● **MATERIAL PROVIDED**
== Segment start ==

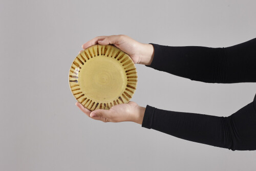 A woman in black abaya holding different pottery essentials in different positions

== Segment end ==
== Segment start ==

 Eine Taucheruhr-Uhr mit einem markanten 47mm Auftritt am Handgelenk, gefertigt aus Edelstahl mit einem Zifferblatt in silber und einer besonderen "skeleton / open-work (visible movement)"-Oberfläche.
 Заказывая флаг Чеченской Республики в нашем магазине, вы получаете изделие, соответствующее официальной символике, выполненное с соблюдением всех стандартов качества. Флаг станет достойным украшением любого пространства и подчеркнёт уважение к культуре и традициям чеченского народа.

== Segment end ==
== Segment start ==

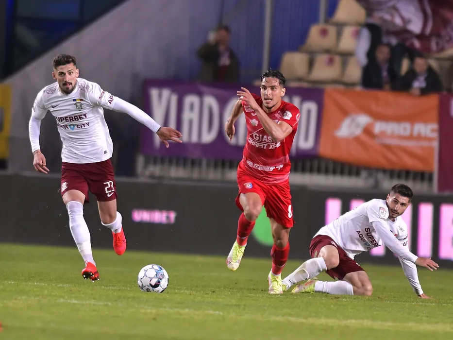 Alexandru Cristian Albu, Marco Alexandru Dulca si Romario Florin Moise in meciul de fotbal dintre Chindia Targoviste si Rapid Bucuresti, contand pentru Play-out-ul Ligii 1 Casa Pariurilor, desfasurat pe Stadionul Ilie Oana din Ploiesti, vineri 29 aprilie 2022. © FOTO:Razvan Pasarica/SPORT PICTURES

== Segment end ==

● **PROBLEM TO SOLVE**
Everything from the line with "Eine Taucheruhr-Uhr mit" through the line with "Заказывая флаг Чеченской" should be written out exactly as it appears above, end lines included, and nothing outside that range.

● **RESULT BELOW**
 Eine Taucheruhr-Uhr mit einem markanten 47mm Auftritt am Handgelenk, gefertigt aus Edelstahl mit einem Zifferblatt in silber und einer besonderen "skeleton / open-work (visible movement)"-Oberfläche.
 Заказывая флаг Чеченской Республики в нашем магазине, вы получаете изделие, соответствующее официальной символике, выполненное с соблюдением всех стандартов качества. Флаг станет достойным украшением любого пространства и подчеркнёт уважение к культуре и традициям чеченского народа.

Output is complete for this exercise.